Proponents say the bill is not "soft on crime." In fact, a person would have to wait longer before being eligible to apply for an expunction in some situations. Currently, a person need only wait five years from sentencing or five years after being released from jail or prison. This means that a person could still be on parole or probation at the time he or she becomes eligible to apply to have the offense expunged. Under the bill, at the very least, every ex-offender would have to remain crime free for a period of at least five years. This should be a sufficient time period to demonstrate a change in behavior.
As to viewing the expunction of two misdemeanors as being lenient, sometimes a person is charged with more than one crime arising from a single transaction. Thus, a distinction could be made between a person who represents a danger to society and a person who made a one-time mistake. Moreover, diversion programs are a fairly recent addition to the criminal justice system.
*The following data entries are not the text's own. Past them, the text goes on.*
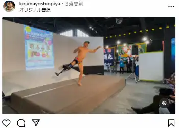 最新の投稿では、20日に富山で行われた「富山湾岸サイクリング2024前日祭」に出演した様子を公開。「氷見でライブ!ニュースタイルが出来上がりました」と添えて動画をアップした。l右足に器具をつけながらステージに登場。左足でケンケンしながら「はい!オッパッピー!」の持ちネタを披露した。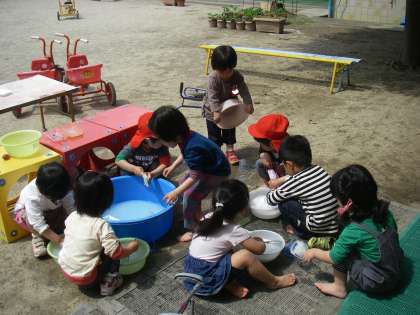 年少組さんは色水遊びをしました。友だちがたくさん寄ってきました。「今お日様が出てきたな」「夕涼み会でもこれしような」子ども同士で語りながら遊んでいました。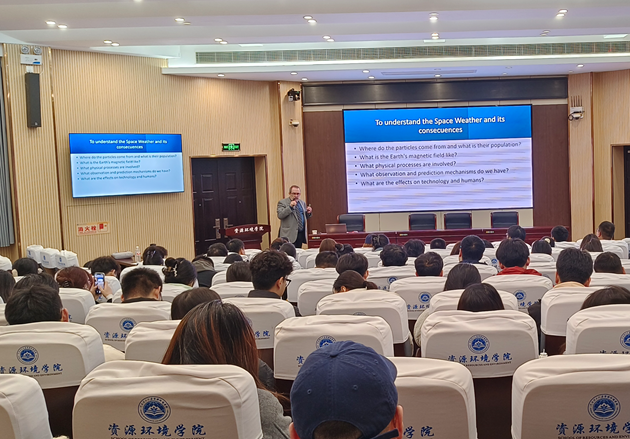 路易斯教授以“空间天气如何影响我们赖以生存的环境?”为题,系统介绍了空间天气的形成机制、对地球空间环境及人类社会运行系统的潜在影响,并重点阐述了科学界如何利用空间探测与地基观测手段进行空间天气监测、预警与防护。他结合自身参与的国际合作项目(如极端宇宙观测计划、国际空间站宇宙线观测任务等),分享了团队在空间辐射监测、宇宙线探测器研制以及卫星数据处理方面的最新进展。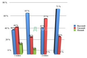 Если выбрать только детей, у которых самооценка совпала с объективной, то получится, что в 1 классе высокая самостоятельность по результатам формирующего эксперимента наблюдается у 65 % ребят, а во втором классе у 71 % ребят, средняя — у 28 %, а в 2 классе — у 29 %. Наконец, в 1 классе только 7 % имеют низкую самостоятельность, а в 2 низкий уровень не был выявлен.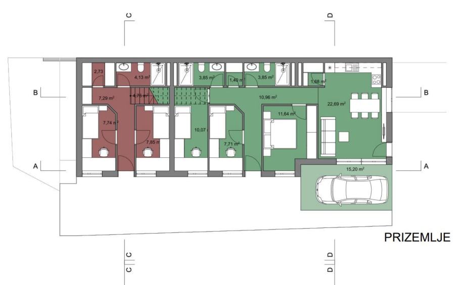 Prodaje se građevinsko zemljište površine 1340 m2 s glavnim projektom za dvojni objekt ukupne netto korisne površine 700 m2.

They simply were not available to many until recently. For those still facing discrimination in employment and housing two and three decades later, the bill represents hope of truly being able to put their pasts behind them.
The Criminal Defense Attorneys of Michigan supports the bill. (5-10-11)
The Prosecuting Attorneys Associations of Michigan supports the bill. (5-9-11)
The Michigan Judges Associations indicated support for the bill. (3-24-11)
The State Bar of Michigan has been on record for over six years supporting changes to the criteria allowing an individual to apply for criminal record expunction, but feels that House Bill 4106 and Senate Bill 244 (rather than Senate Bill 159) represent the version of expunction legislation most strongly requested by judges, prosecutors, defense attorneys, and civil law practitioners. (5-9-11)
The Michigan State Police indicated a neutral position on the bill. (3-24-11)
Fiscal Analyst: Bob Schneider
■ This analysis was prepared by nonpartisan House staff for use by House members in their deliberations, and does not constitute an official statement of legislative intent.